Some problems, mainly of technical nature, remain open.

Megalos architecture inherits from Kubernetes some limitations. For example, when the latency among the cluster nodes is too high, Kubernetes is not guaranteed to work as worker nodes appear to be unreachable due to the Kubernetes timeout values. This may cause problems when the cluster is geographically distributed among weakly connected sites. Empirically, we measured that 300 ms of delay among two cluster nodes is a too high value for Kubernetes to work properly.

A second limitation is that Kubernetes currently supports containers only and does not support virtual machines. This rules off hybrid VM/container scenarios which would allow us to emulate network functions that are impractical to containerize. Examples of such non-containerizable devices are those that need additional kernel modules or specific kernels different from the Kubernetes worker ones. These include devices using a different Operating System; platform using the Soft-RoCE [56] kernel module; some vendor router images distributed via VM only; etc. A solution to this limitation could come from the project KubeVirt [57], aimed at allowing Kubernetes to also manage VMs. The compatibility of KubeVirt with Megalos architecture and, in particular, with Megalos CNI has to be further investigated.

A third limitation inherited from Kubernetes is that IPv6 is not yet fully supported for the addresses of the cluster nodes. We remark, though, that Megalos emulation pushes itself down to Layer 2, allowing arbitrary Layer 3 protocols for the virtual LANs, including IPv6. IPv6 support in Kubernetes will be likely introduced in the future versions (up to now it is only provided in the beta version).

A limitation of Megalos coming from the use of Multus CNI is the impossibility to dynamically modify the number of network interfaces after the VD’s deployment. Until Multus CNI does not support the dynamic creation and deletion of network interfaces, this limitation cannot be easily addressed.
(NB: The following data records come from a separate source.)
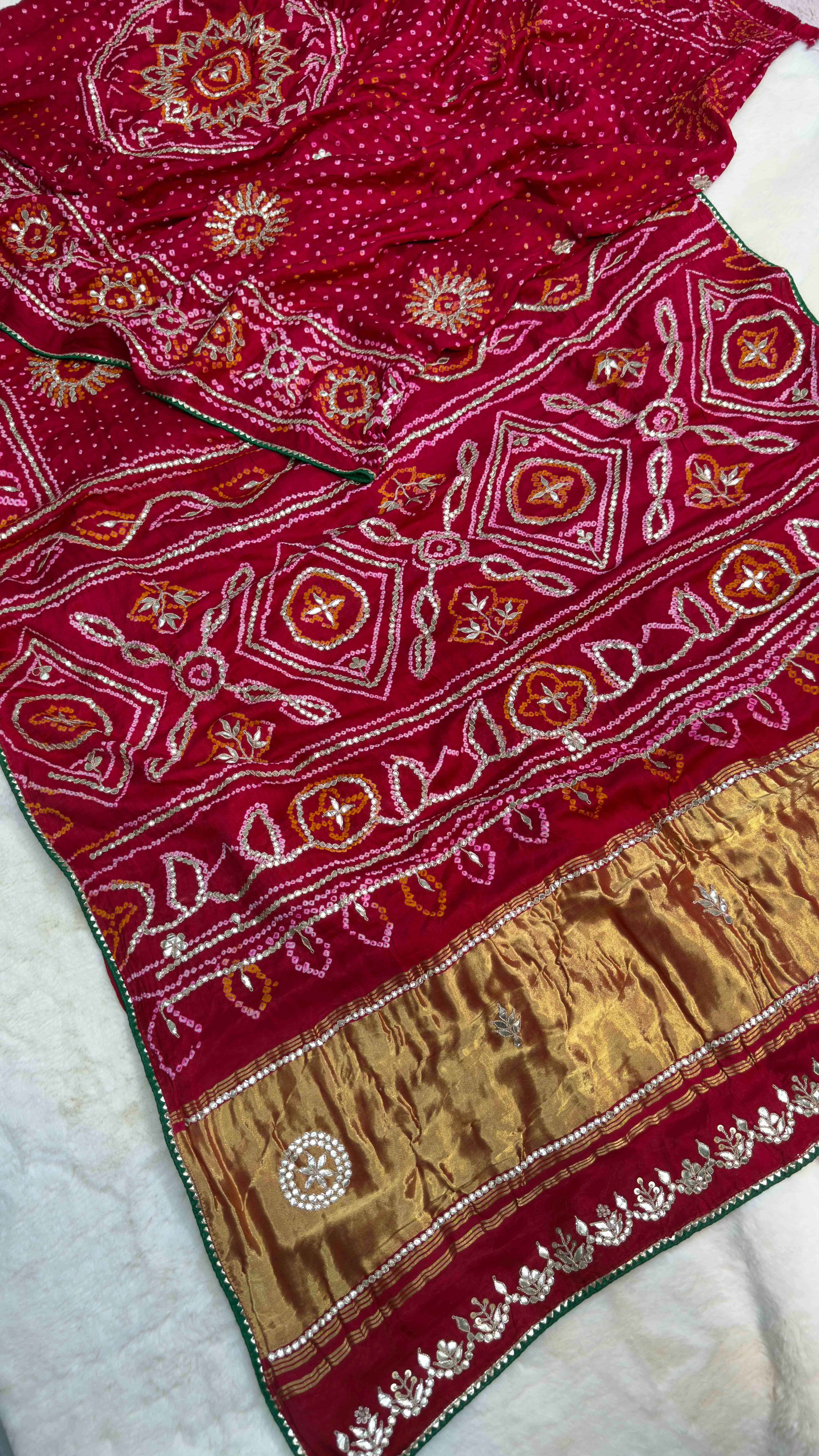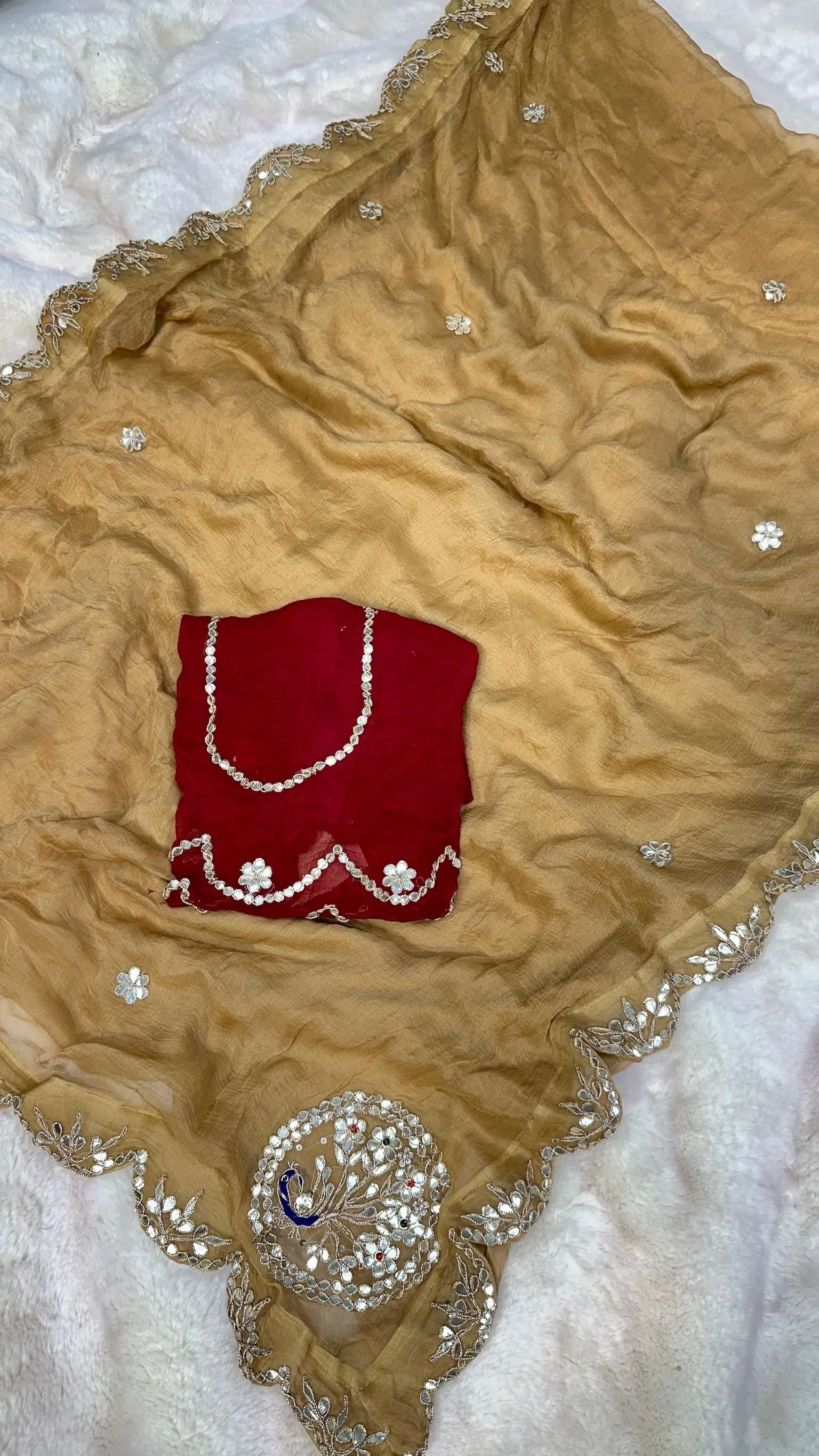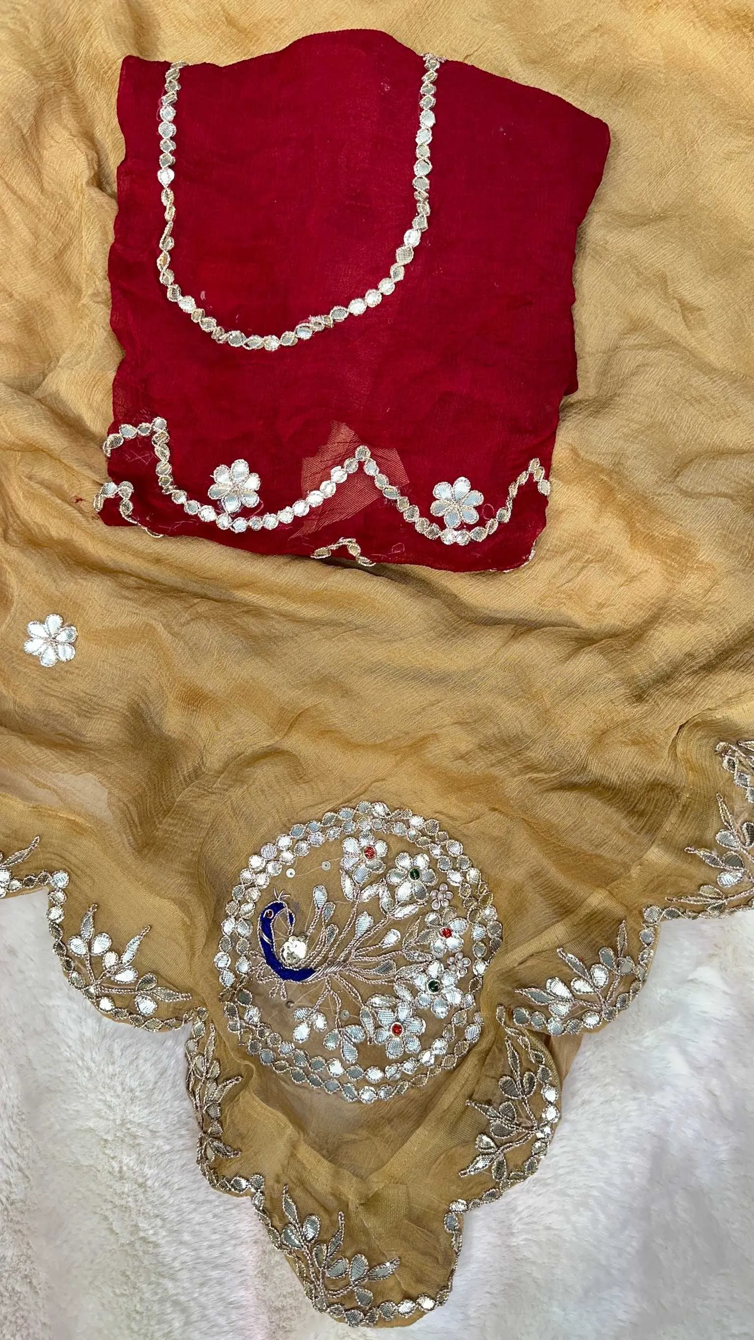 Elevate your ethnic wardrobe with this elegant pure chiffon designer saree featuring delicate zero gotta patti embroidery. The lightweight, flowy fabric ensures a graceful drape, while the eye-catching contrast blouse enhances its festive appeal. Perfect for weddings, parties, and traditional celebrations.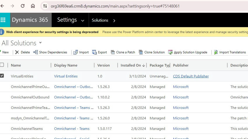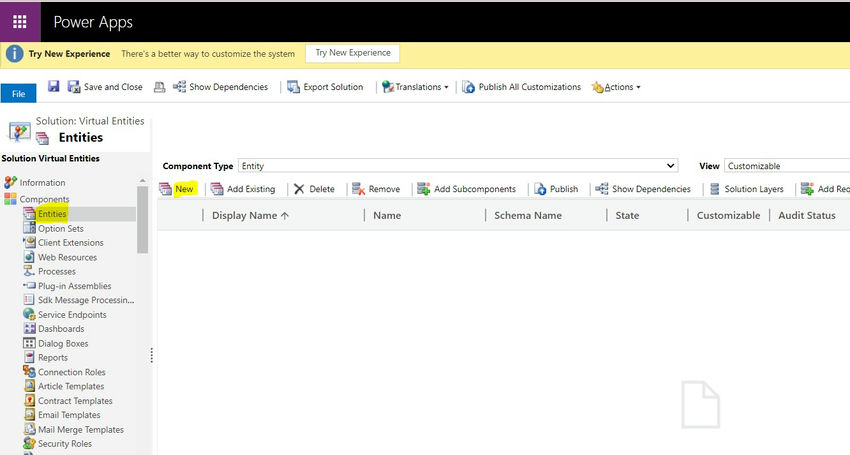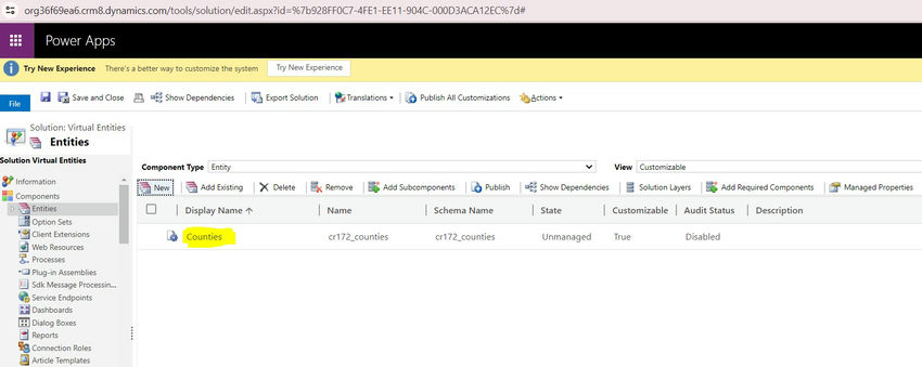 3. Go to Solutions, Select the solution where you want to create a virtual entity(In my case solution name is virtual entities).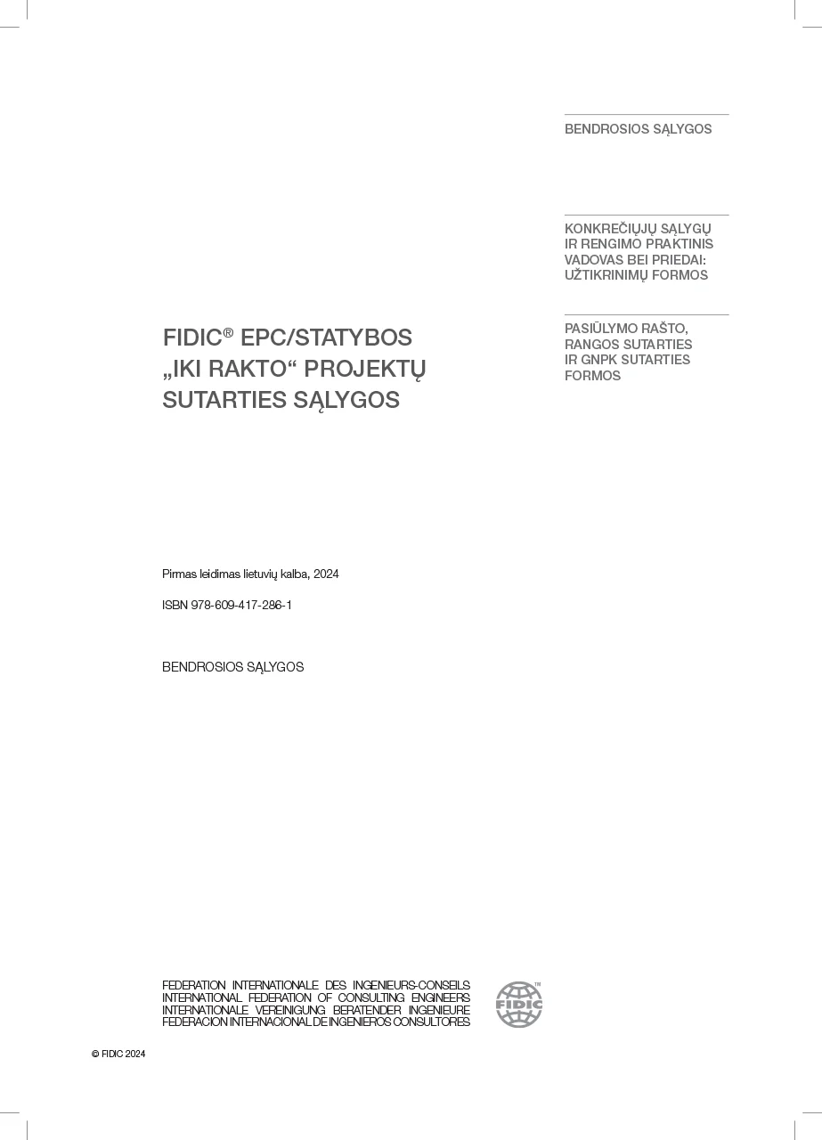 FIDIC® EPC/Statybos „iki rakto“ sutarties sąlygos, žinomos kaip Sidabrinė knyga, yra viena iš pagrindinių tarptautiniu mastu pripažintų sutarčių formų, skirtų projektams, kuriuose užsakovas siekia galutinio rezultato minimaliomis pastangomis. Šioje sutartyje rangovas atsako už visą projektavimo, statybos ir tinkamumo naudoti užtikrinimo procesą. 2017 metais atnaujintas ir 2022 metais patikslintas Sidabrinės knygos antrasis leidimas anglų kalba yra dar labiau pritaikytas šiuolaikiniams projektų valdymo poreikiams, sustiprintas rizikos ir atsakomybės paskirstymas tarp užsakovo ir rangovo bei įtrauktos patobulintos ginčų prevencijos ir sprendimo procedūros. 2024 metais išleistas pirmas Sidabrinės knygos leidimas lietuvių kalba.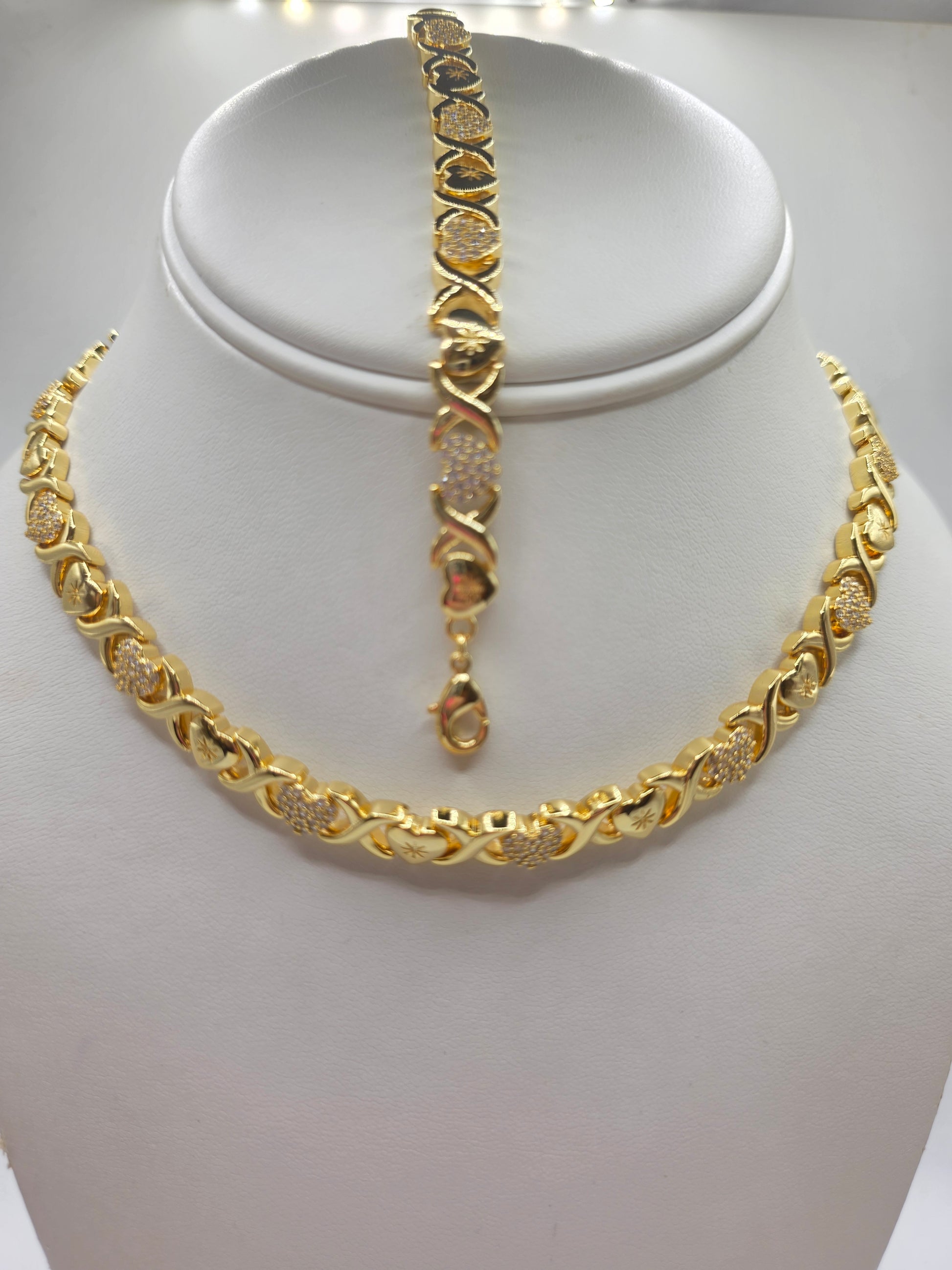 Set de Corazones Cleopatra 18inch con extensión / Laminado Oro 14k Alta Calidad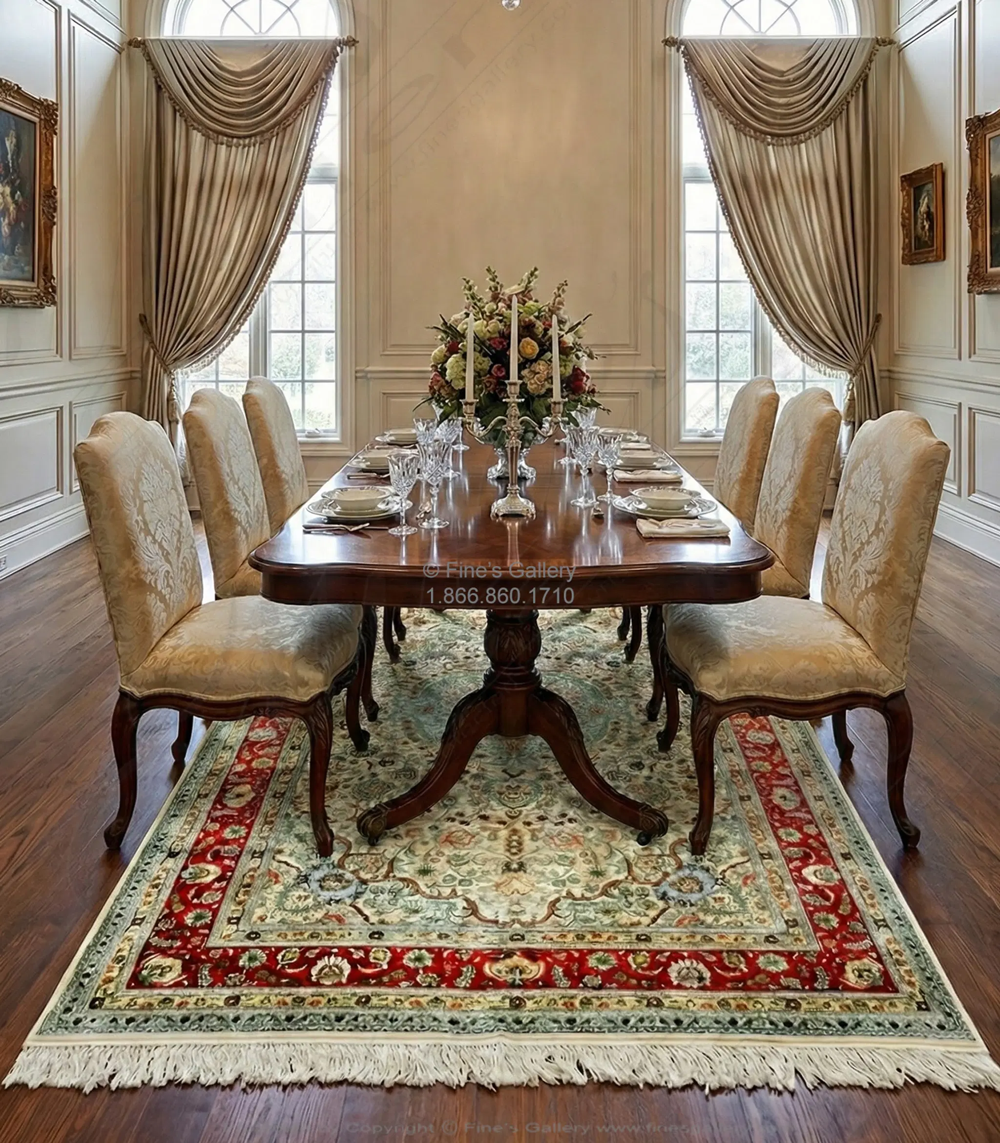 Hand Knotted Silk Rug Rectangle - Ivory Field with Red Border and Jewel Tones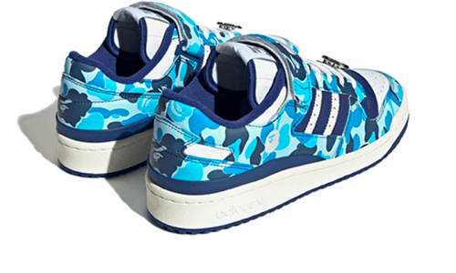 To celebrate its 30th anniversary and 20 years of collaboration with Adidas, BAPE and the German brand unveil a new Forum 84 Low sneaker in partnership with Adidas. The Adidas Forum 84 Low Bape 30th Anniversary Blue Camo features the usual leather upper construction with TPU overlays. The BAPE touch comes from the blue camouflage pattern on the upper, a Japanese firm logo on the side panel, and silver lace deubrés that combine the BAPE logo with the “30” motif. This silhouette comes with a special box and extra laces matching the shoe’s colorway.

In addition to solving some of the limitations above, future work include the following.

• Investigate the technical feasibility of using Kubernetes instances provided directly by public clouds like Amazon Web Services, Microsoft Azure, or Google Cloud Platform. This would improve the usability of Megalos and reduce the costs of an emulation.
• Improve the flexibility of Megalos by allowing external software components to interface with it, leveraging on standard protocols (e.g., via REST APIs).
• Support IPSec for the connections among VTEPs in different worker nodes, allowing the encryption of the traffic flowing into virtual LANs.
• Use Megalos to perform an emulation of the current network of the Autonomous Systems in the Internet.